Effects of drought and nutrient deficiency on the allocation of recently fixed carbon in plant-soil-microbe system.

Carbon (C) allocation plays an important role in plant adaptation to water and nutrient stresses. However, the effects of drought and nutrient deficiency on the allocation of recently fixed C in the plant-soil-microbe system remain largely unknown. Herein, we studied the response of C allocation of Sophora moorcroftiana (an indigenous pioneer shrub in Tibet) to drought, nitrogen (N) deficiency, and phosphorus (P) deficiency using a microcosm experiment. The 13CO2 continuous labeling was used to trace C allocation in the plant-soil-microbe system. We found that drought significantly reduced plant 13C, but increased 13C accumulation in soil. The decreased plant 13C under drought was attributed to the decrease of 13C in stem and root rather than that in leaf. The excess 13C fraction in microbial biomass (MB13C) was reduced by N deficiency, but was not affected by the combination of drought and N deficiency, indicating that drought weakened the effects of N deficiency on MB13C. In contrast, MB13C increased under the combination of drought and P deficiency, suggesting that drought enhanced the effects of P deficiency on MB13C. Drought and nutrient deficiency regulated belowground 13C allocation.
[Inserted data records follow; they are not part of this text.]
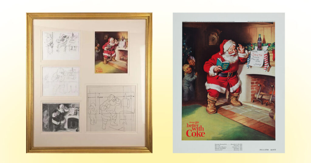 1964-ig használták Sundblom képeit, melyek az évek során már komplett jeleneteket ábrázoltak arról, ahogy a Mikulás viszi az ajándékokat, miközben meglesik a gyerekek: előkerült a kémény és a csokis keksz is, mint közismert szimbólumok. Sundblom képei olajfestmények voltak, és a mai napig szervez kiállítást belőlük a Coca-Cola olyan helyeken, mint például a Louvre.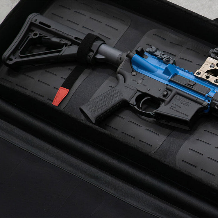 The case’s two external YKK Aquaguard® zippers are extremely rugged and include easy-grip 550 cord pulls that are reinforced with heat shrink wrap. The case has a MOLLE-style base and includes four reconfigurable DAKA Gear Straps to secure a rifle, MOLLE-compatible pouches, or other gear. The interior of the lid features three stretchable mesh pockets to hold up to six PMAG® LR/SR GEN M3 sized magazines, a mesh organizational pocket for small items, and a zippered pocket for accessories and documents such as NFA paperwork, targets, manuals, and other important materials.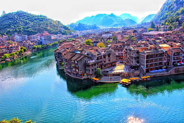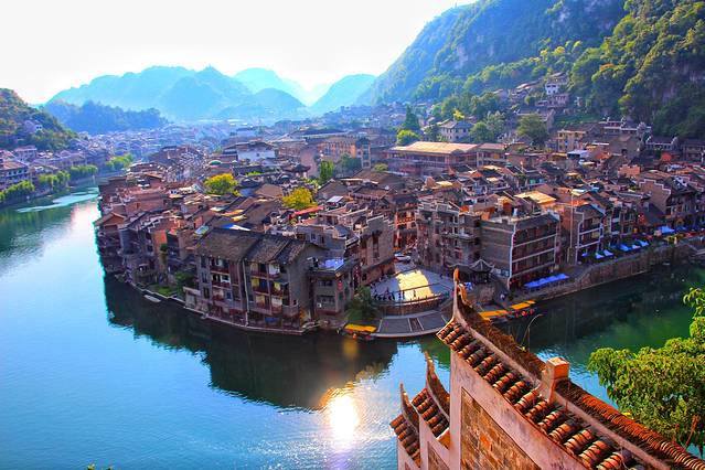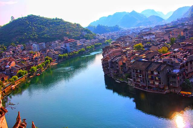 镇远自汉高祖五年(公元前202年)设县开始,已经有2200多年历史,是云贵高原上历史最悠久的名城。位于舞阳河,四周皆山,河水蜿蜒,以S形穿城而过,北岸为旧府城,南岸为旧卫城,远观颇似太极图。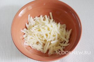 Сыр натереть на крупной тёрке.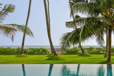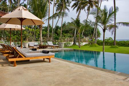 A stunning beach side villa with a 15m pool and soft grassy lawn leading to a spectacular beach suitable for seasonal bathing.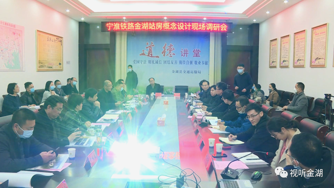 调研中,省铁路集团调研人员查看了金湖站房选址,介绍了宁淮铁路推进情况,设计单位汇报了金湖站房设计方案。

Specifically, drought and P deficiency increased the allocation of 13C to root, and N deficiency regulated the allocation of 13C to microbial biomass C and dissolved organic C in soil. Notably, soil 13C decreased with increasing plant 13C, while MB13C first decreased and then increased with increasing plant 13C. Overall, our study demonstrated that drought and nutrient deficiency interactively affected C allocation in a plant-soil-microbe system, and provided insights into C allocation strategies in response to multiple resource (water and nutrient) stresses under environmental changes.